*Work task*
Every line from the first one in the data below through the line holding "4月21日,有两只新股上市,分别是主板的" is to be written out exactly, with the pictures omitted.

*** Opening Data shown ***

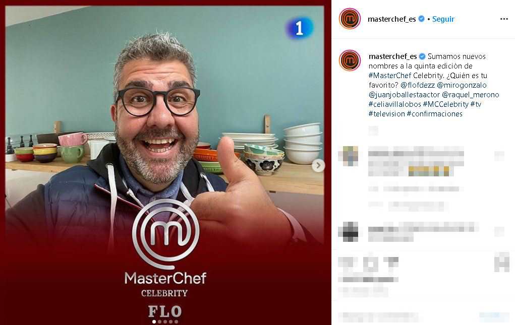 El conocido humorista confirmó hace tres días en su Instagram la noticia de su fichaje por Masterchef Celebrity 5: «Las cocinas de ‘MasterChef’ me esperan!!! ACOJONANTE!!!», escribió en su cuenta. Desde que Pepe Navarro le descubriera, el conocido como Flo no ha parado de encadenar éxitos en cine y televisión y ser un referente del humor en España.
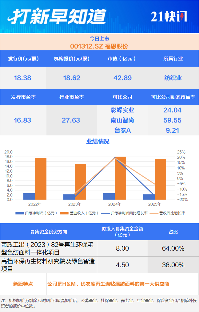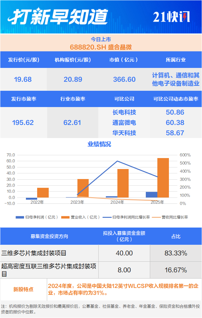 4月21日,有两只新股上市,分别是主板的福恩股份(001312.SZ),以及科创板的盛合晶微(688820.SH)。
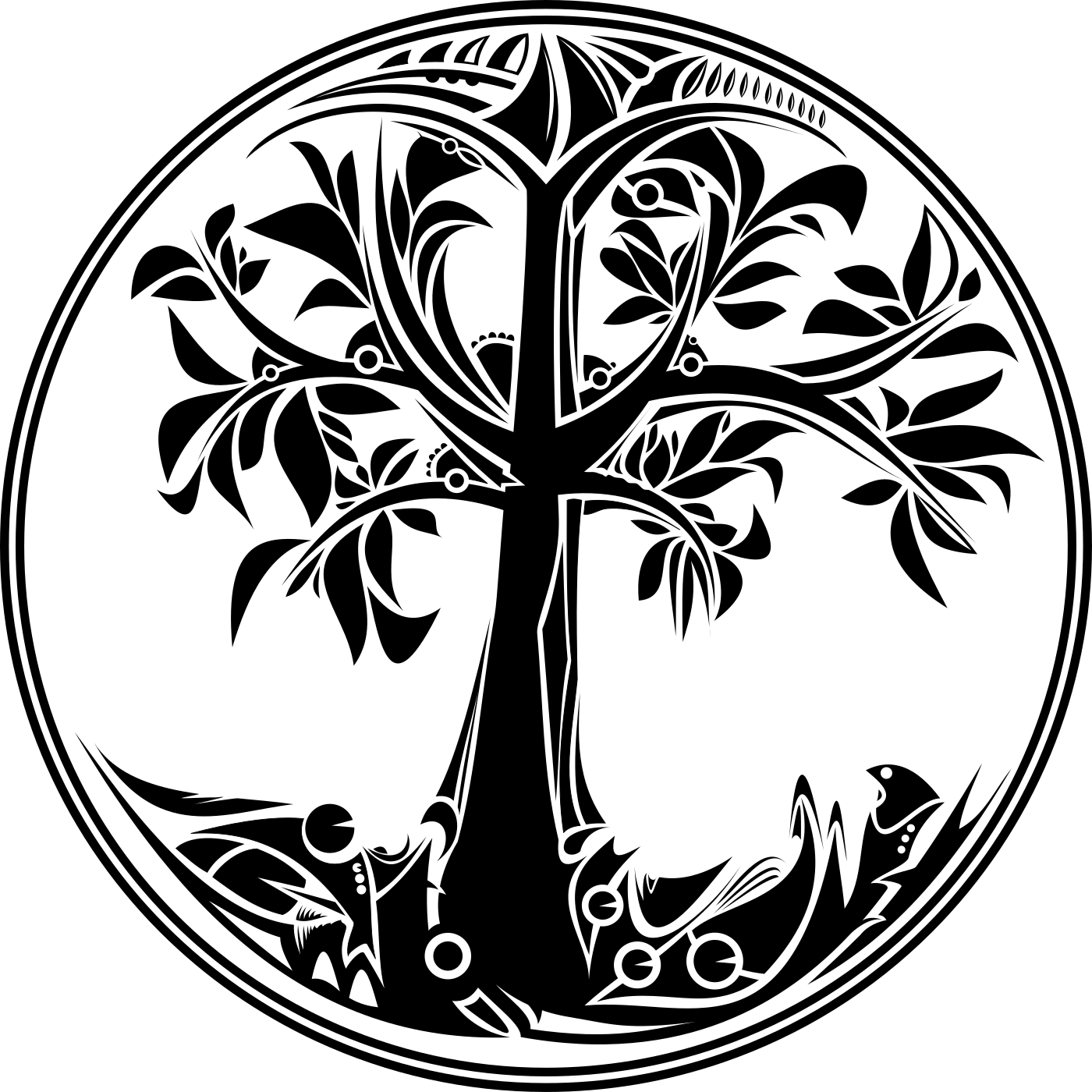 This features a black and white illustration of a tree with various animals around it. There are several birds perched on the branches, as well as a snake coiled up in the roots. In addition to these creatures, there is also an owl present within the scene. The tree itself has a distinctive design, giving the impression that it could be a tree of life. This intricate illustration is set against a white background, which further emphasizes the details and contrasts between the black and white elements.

*** Closing Data shown ***

*Expected answer*
 El conocido humorista confirmó hace tres días en su Instagram la noticia de su fichaje por Masterchef Celebrity 5: «Las cocinas de ‘MasterChef’ me esperan!!! ACOJONANTE!!!», escribió en su cuenta. Desde que Pepe Navarro le descubriera, el conocido como Flo no ha parado de encadenar éxitos en cine y televisión y ser un referente del humor en España.
 4月21日,有两只新股上市,分别是主板的福恩股份(001312.SZ),以及科创板的盛合晶微(688820.SH)。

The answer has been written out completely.